Climate change and Queensland biodiversityClimate change and Queensland biodiversity

Climate change and Queensland biodiversity

According to the Queensland Government Department of Environment and Resource Management:

There is perhaps no greater threat to Queensland biodiversity than climate change. There is a significant body of scientific evidence on the potentially catastrophic impacts facing particular ecosystems such as the Wet Tropics and Great Barrier Reef.

To effectively conserve and manage biodiversity right across the state, we need to continue gathering knowledge and improving our understanding of the emerging threats to Queensland's biodiversity.

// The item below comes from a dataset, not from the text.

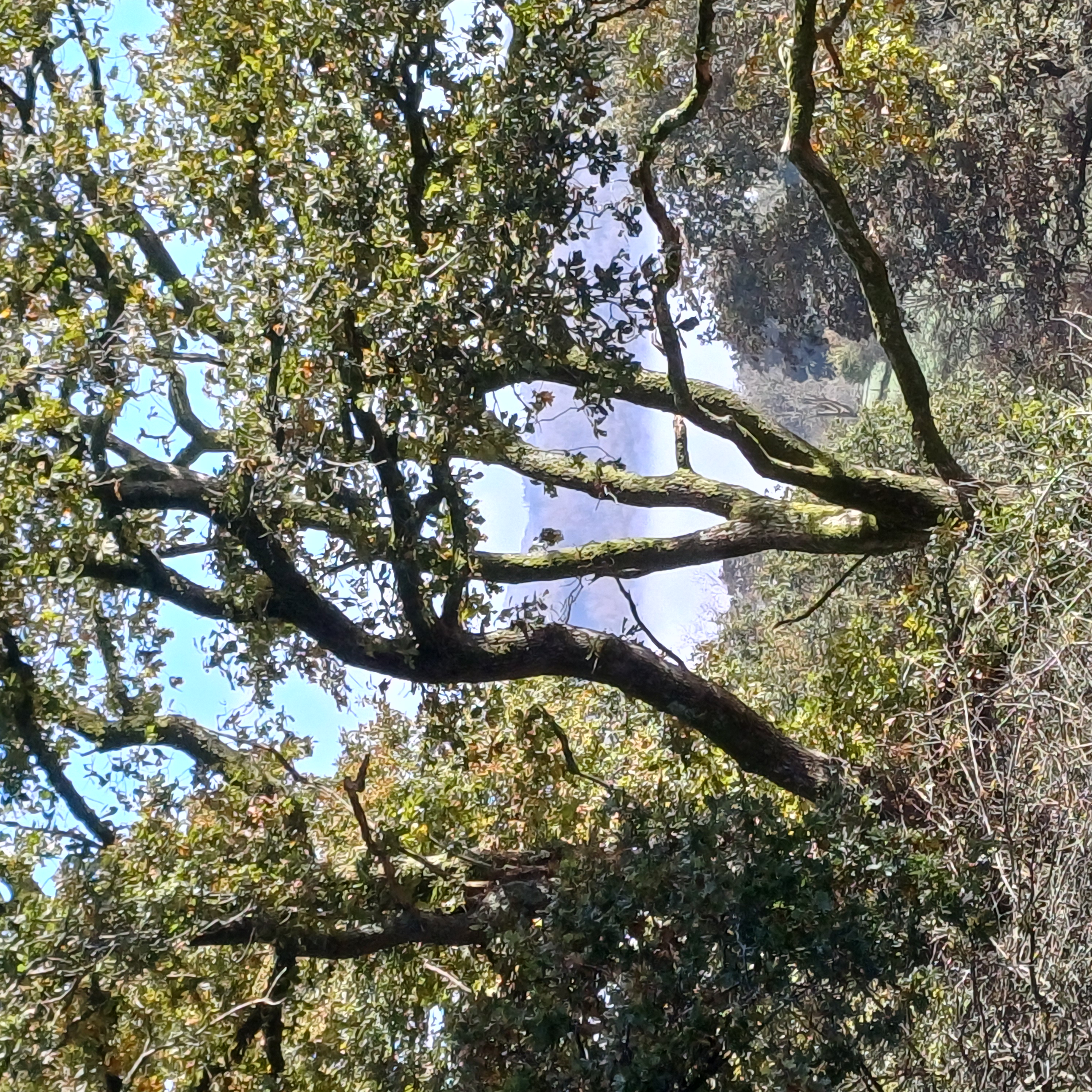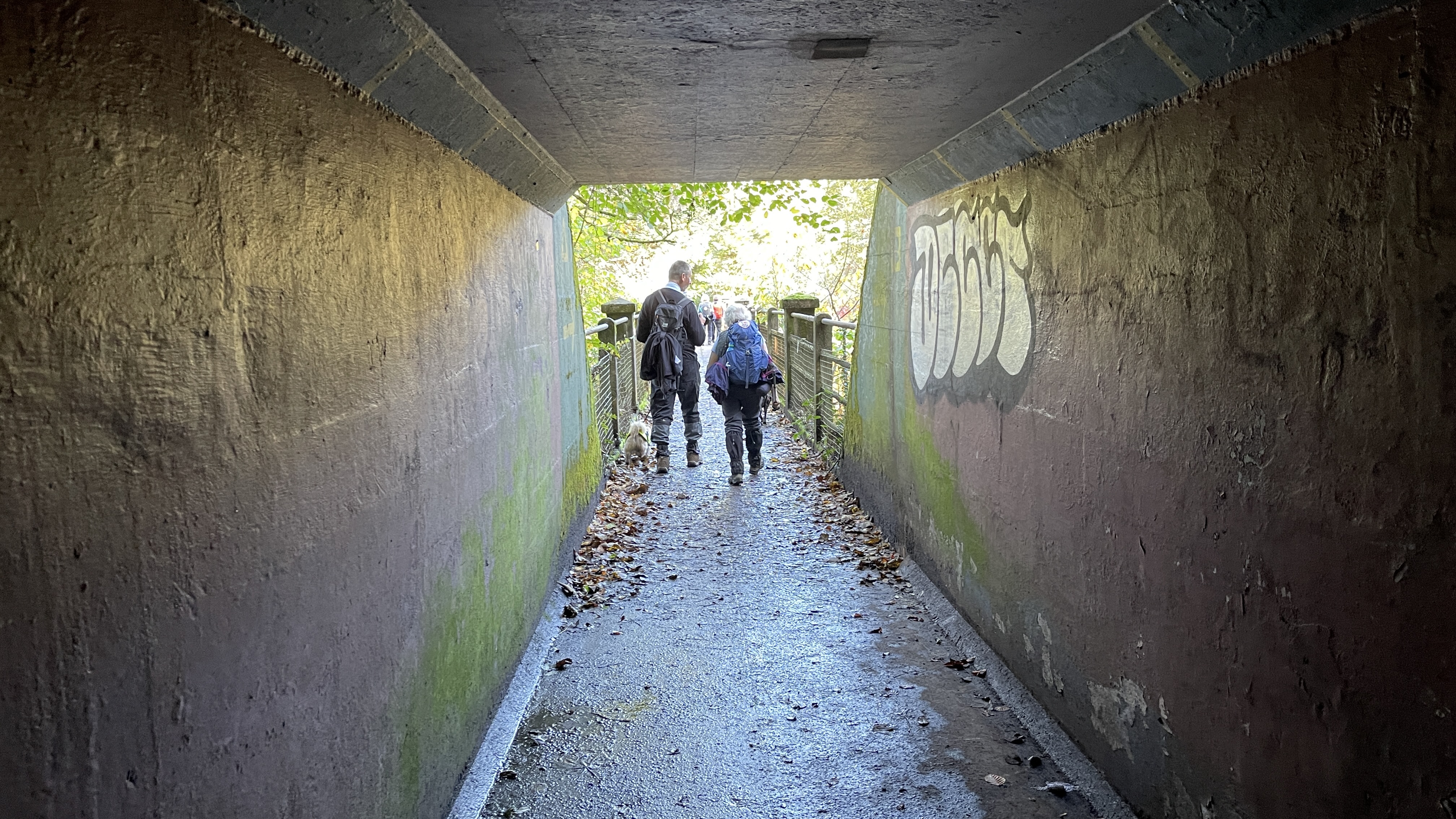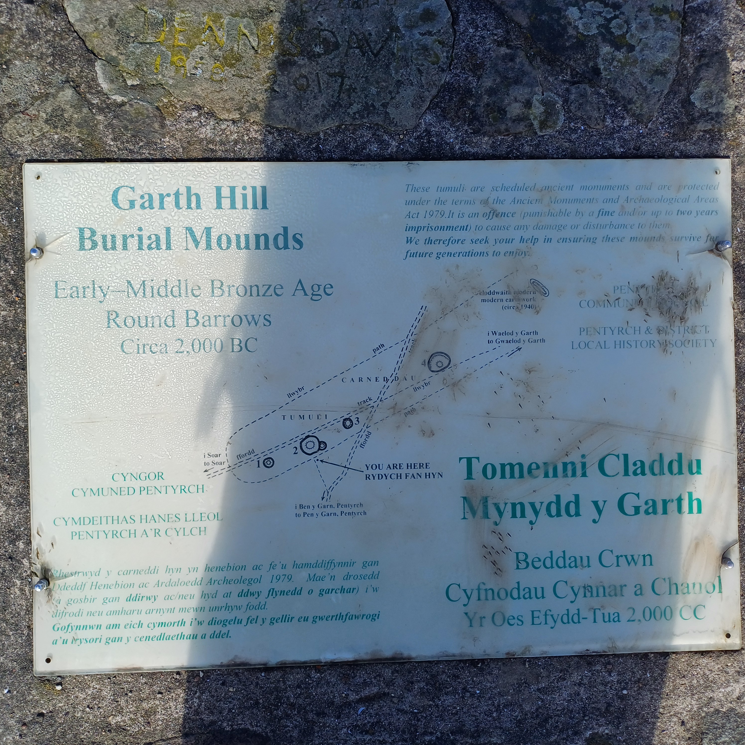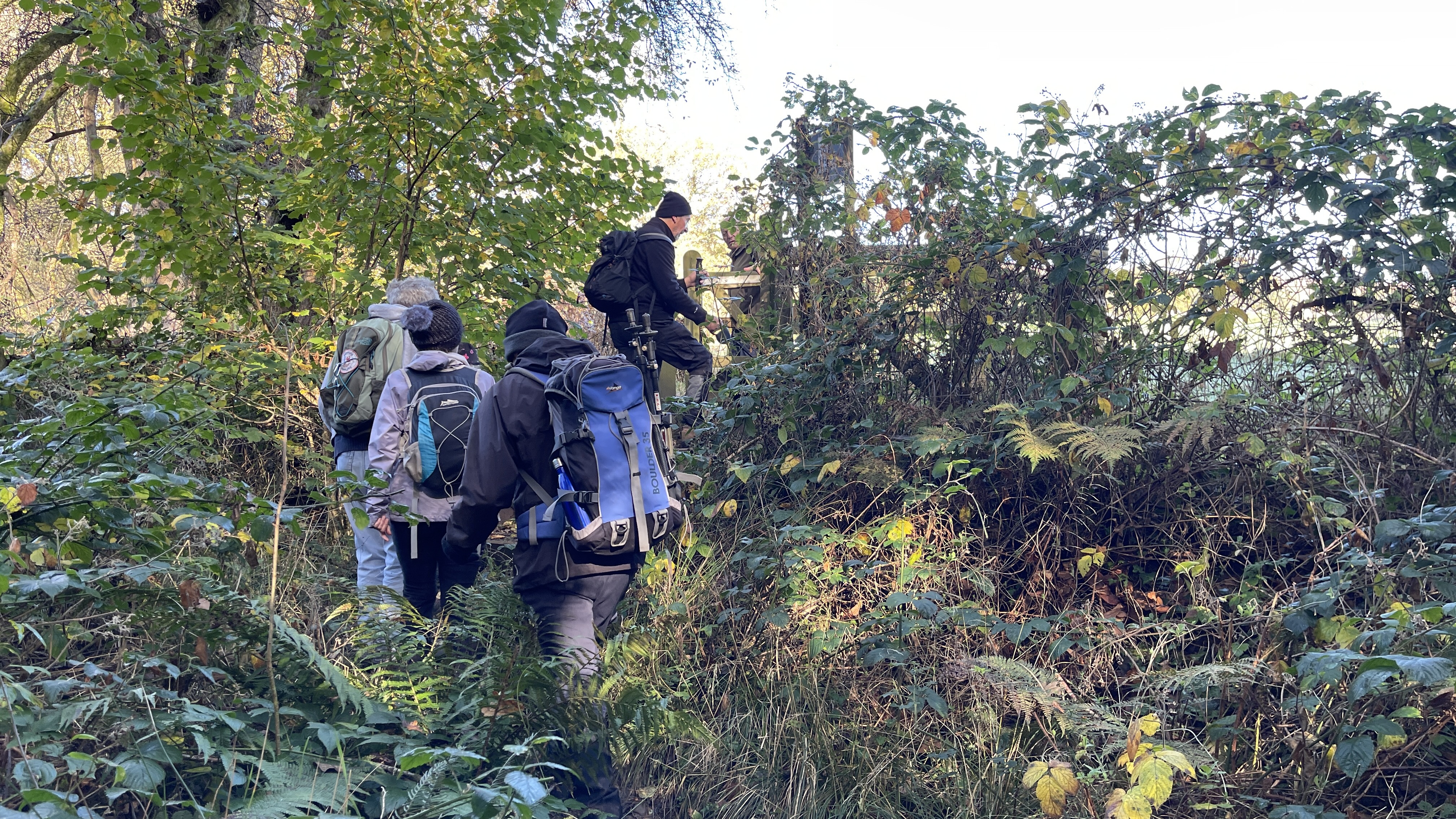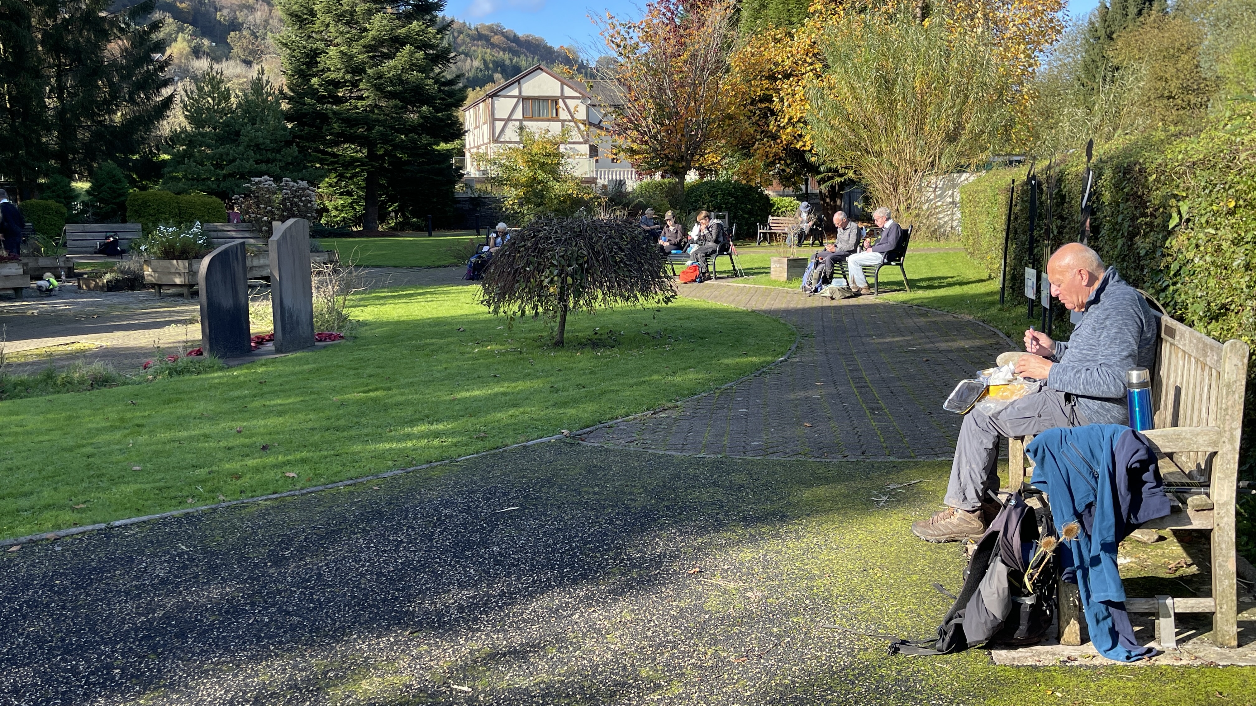 Very misty weather greeted 10 hardy ramblers (including welcome guests Jackie, Sam and new member Michael) at the car park at Heol Yr Ynys car park yesterday. We started by walking along the road to Tynewydd where we used the footpath beside the road. We then crossed the road and made our way through the Coed Y Bedw nature reserve, crossing the Nant Cwmllwydrew and generally heading west. By now, the sun had burnt through the mist and blue skies and bright sunshine were at the fore. At the road, we headed northeast where we caught the Taff Ely Ridgeway walk and had our first cuppa. Suitably refreshed, we continued on, heading for our next target, the trig point on Garth Hill and the obligatory group photo. It was then north to Garth Fawr where we headed east to Lan Farm. Mud and water had always been in evidence but now it reared its ugly head big time! Mud glorious mud and paddy fields were the order of the day as we headed south but feet remained dry (and muddy) and spirits remained high as we splashed our way forward. Civilisation then loomed as we met the road and walked to the park at Taffs Well for lunch, an amazing place that I'd never visited before. Well (lol) lunched, we made our way via path and road past the new metro yard and to the start. A superb walk thanks to John for great leadership and to all for the wonderful company.

Queensland biodiversity will be affected in many ways. Highlights from a major report available as a resource below are provided here:

  • Rising CO2 levels should provide plants with some compensation for declining water availability under climate change. But some plants will benefit more than others, leading to many shifts in vegetation composition and structure that are difficult to predict. The nutritional quality of foliage is expected to decline, with detrimental impacts on browsing mammals and insects, and possible impacts on their predators as well.

 

  • Shifts in relative species abundance will be a major outcome of climate change. Many rare rainforest plants could be displaced by native plants and weeds that benefit from climate change. Other shifts could include increases in noisy miners (Manorina melanocephala), which limit eucalypt adaptation to climate change by reducing pollen movement, and increases in weeds, most notably flammable pasture grasses that increase fire intensities and frequencies to the detriment of many species.

 

  • Human responses to climate change will have major impacts on biodiversity. If farmers respond to increasing heat and drought stress by farming more goats instead of cattle, the consequences could be detrimental for many plants, including rare species.

 

  • Eucalypts may show considerable resilience to climate change, having distributions that often do not reflect climatic limits, and pollination systems and growth forms that facilitate survival under changing conditions. But deaths of dominant ironbarks (for example E. crebra, E. melanophloia) and boxes and their replacement over large areas by subordinate bloodwoods (Corymbia species) seem likely because dominant eucalypts often have 'high risk' growth strategies. Contractions of range at western margins are likely, especially for species with large ranges.

 

  • Rainforest trees often survive droughts better than eucalypts, suggesting considerable resilience to climate change. But some rainforests are likely to suffer increased fire damage and weed invasion, and many changes in species dominance can be expected. Mangroves should benefit from climate change in some locations and decline on others, depending upon the opportunities for upslope migration. Saltmarshes are likely to decline.